The French traveller Jacques-Pierre Brissot de Warville wrote after visiting George Washington at Mount Vernon in 1788: " You have often heard him compared to Cincinnatus. The comparison is doubtless just. The celebrated General is nothing more at present than a good farmer, constantly occupied in the care of his farm and the improvement of cultivation."
Brissot's educated readers would have been familiar with the story of the Roman general Cincinnatus from the Roman historian Livy. According to the story, powerful enemies of Rome, the Aequians, were threatening an invasion of the city. The Roman Senate believed the current consul was unprepared to meet the crisis. They voted unanimously to confer the extraordinary powers of dictatorship on their most distinguished former general, L. Quinctius Cincinnatus.
Cincinnatus was living on his four-acre farm outside of Rome. Senate representatives found him working in his field. When he learned of the emergency facing Rome, he left his plow standing in the field and led the Romans to victory against the Aequians. Fifteen days after assuming the dictatorship, Cincinnatus resigned and returned to his plow.
The parallels with General George Washington were not lost on his contemporaries. Called up from his retirement at Mount Vernon to lead the Continental Army, Washington dramatically resigned his commission and returned to his farm once the war had been won. In emulating Cincinnatus, Washington calmed any fears that he might use his position as a successful general to become a military dictator. Instead, Washington showed that he placed public service above personal gain.
For Romans and Americans alike, Cincinnatus represented the ideal republican simplicity, an enlightened poverty that spurned luxury and cultivated a nobility of spirit.
For the Revolutionary generation, the republican simplicity of the American farmer provided a pointed contrast with the perceived luxury of the British empire. As the American Cincinnatus, Washington embodied America's agricultural self-sufficiency, which he saw as a crucial element in its economic and political independence from Great Britain.

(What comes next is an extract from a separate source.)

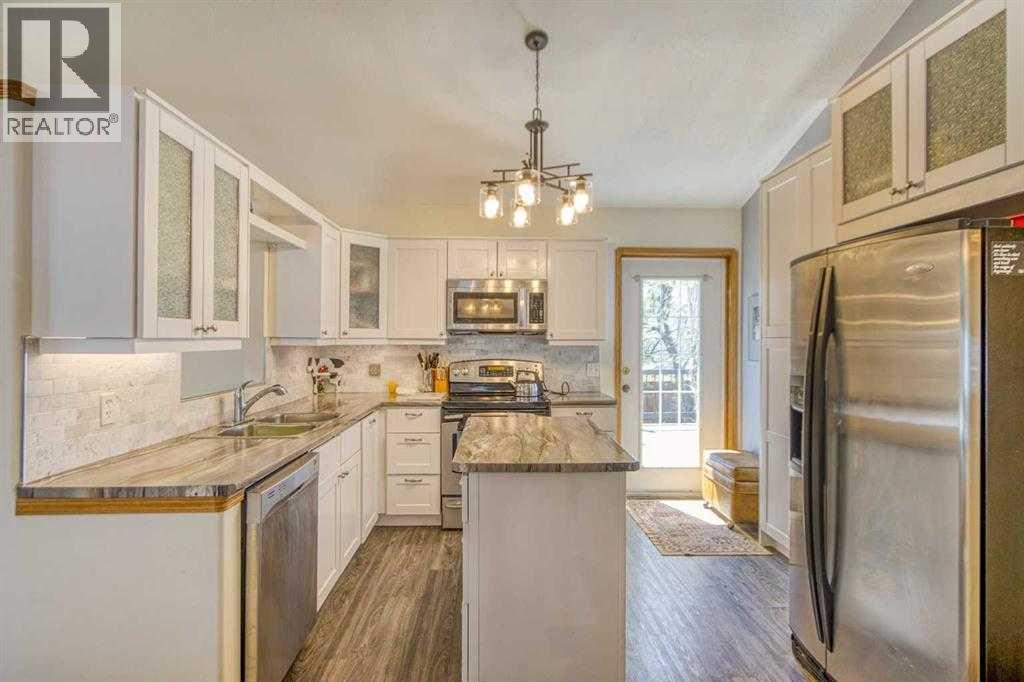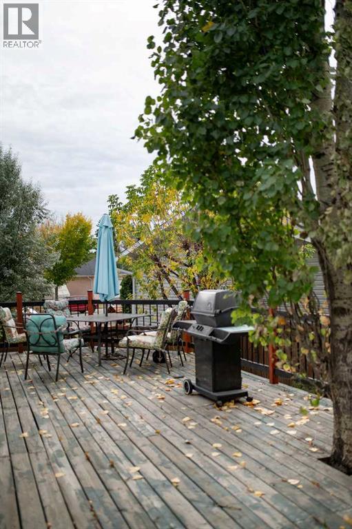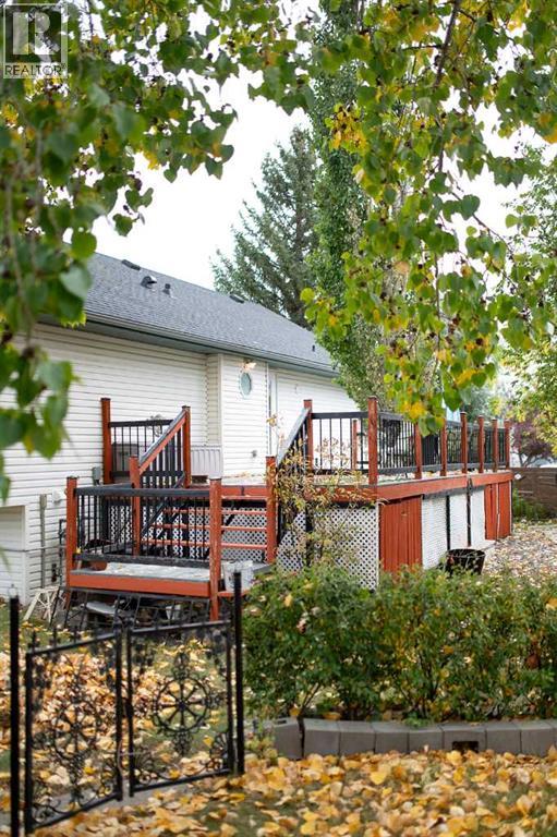 Located in a quiet cul-de-sac in Strathmore’s desirable Greenwood Meadows, this well-maintained home offers 4 bedrooms, 2 bathrooms, vaulted ceilings, and two fireplaces. The fully developed lower level includes a separate entrance, perfect for extended family, or home based business. Enjoy the huge south/west-facing deck, perfect for outdoor entertaining, overlooking a large yard with garden space, RV parking, and room to build a second garage or workshop. The oversized, heated double detached garage adds even more functionality. Upgrades include new shingles (2024), air conditioning, and updated mechanicals. Situated close to schools, sports facilities, shopping, and dining in Strathmore. A rare find with space, privacy, and potential — don’t miss out - call your AWESOME realtor today! (id:58070)

Depictions of Washington as Cincinnatus were popular in the Revolutionary and Early Republican periods. In 1783, Washington was elected first president of the Society of the Cincinnati, an organization of military officers who served in the Revolutionary War. The society's Latin motto, Omnia reliquit servare rem publicam ("He gave up everything to serve the republic"), suggests the story of Cincinnatus.